Saturday, October 1, 2011

Thoughts for Beginners - Lindy Hop edition

Last Thursday I went in with little to no plan and we did a class on shock absorption. Remember that your joints are there to help you move around and stuff.

The quote above was posted on Facebook yesterday and attributed to Ira Glass, host of This American Life. I've found it quite resonant so I'm posting thoughts on it here and over at Glow in the Dark Thoughts, my blog about stuff in general.

Nowadays it can be a really intimidating time for a person to come to LindyGroove as a rank beginner. I often liken a beginners' class to the first day of snowboarding: you spend more time on your ass than on your feet.

New folks come into swing dancing and see some dancers who have rudimentary partnering skills or better and get all freaked out. It's one thing to be a beginner and another thing to do it in a room full of people who don't seem to be beginners.

If you're a beginner I should point out this: 90% of the people in the room are beginners too. Otherwise they were beginners at one point. Every dancer on the floor had a first day and on that day they felt somewhat like you.

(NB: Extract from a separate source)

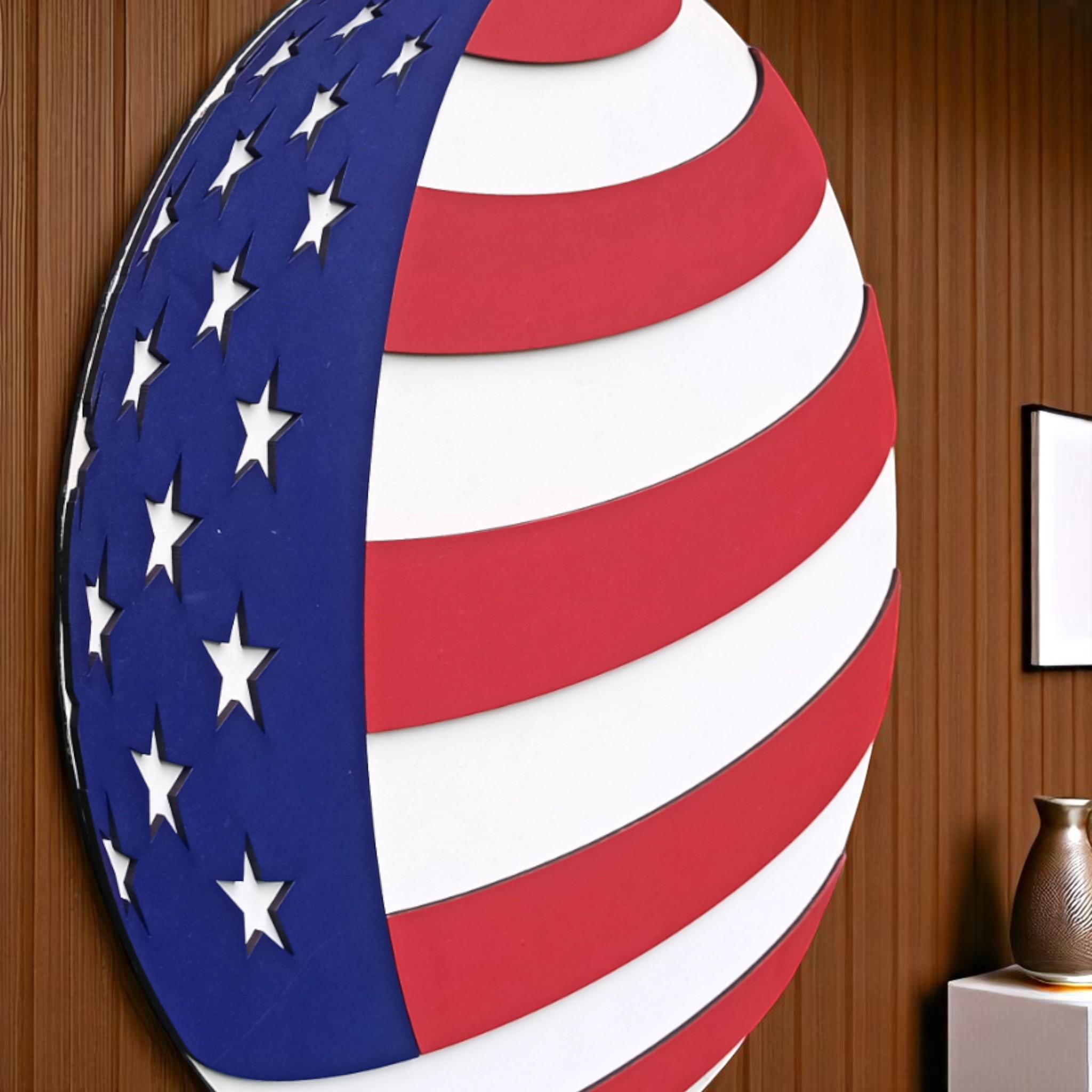 American Flag Earth Wooden Wall Art: Handcrafted Patriotic Decor

I have observed a lot of fear with beginners of dancing with folks who have stronger skills. Anyone who has danced for a while knows that this is essential to growth, but at first we just feel like we haven't earned it yet. When I taught the beginning Lindy Hop class, I assigned my students the homework of finding at least 5 folks they hadn't met in class and verbally asking them to dance. I'd teach the phrase "would you like to dance" verbatim and I still feel like it's the most important lesson a beginner can learn.

For those beginners who feel terror at the notion of public exhibition, I'll offer this advice: the dancers on the floor can barely see outside of their space bubbles. They won't notice you unless you physically harm them in some way. Be careful not to bash into folks and you'll be fine!

And then some folks I meet say that they suck at dancing and they know because they tried it once or twice. If this is you then I say "Duh! How can you be any good at something if you've only done it for a couple of hours?"

Rant over. See you soon!

Now with video!


  1. One of the big problems I see with this is WAY too many snooty dancers who absolutely despise "dancing down." Some of them will accept a request to dance with them, out of etiquette, but are so grudging in their moves that one can tell that they resent "losing the song to a beginner." Even those of us who are more intermediate, and have to dance with high-level folks to improve, find that they resent people who are "good, but not great." For those who are intermediate, it's even worse, because they can tell when someone is resentfully "dancing down."

    When that stops, we might see beginners who are more willing to ask more advanced dancers to dance!

    (And, yes, of course there are exceptions, but around Lindy Groove, and almost every other place I have been [this includes multiple major cities in the US], the exceptions are EXCEPTIONS, and not the rule.)

  2. Part of this is purely social. Many folks have difficulty meeting new people, dealing with new people. I'm not saying that I discount your comment, but it's always more complex than it looks.

    Perhaps the most important factors in this are the willingness of my partner (whether better than me or vice versa) to reach out to me and not the person that they expect to be or hope to be dancing with. By that I mean that each partner has a responsibility to reach out to their partner in the dance and to bring something to the table beside their baggage.

    I won't claim to be a perfect host in all occasions. I know that I like a dance that feels more interactive and less mechanical. But even a smile is an interaction.

    There are, of course, other factors in personal distaste. I'm not going to draw those out here.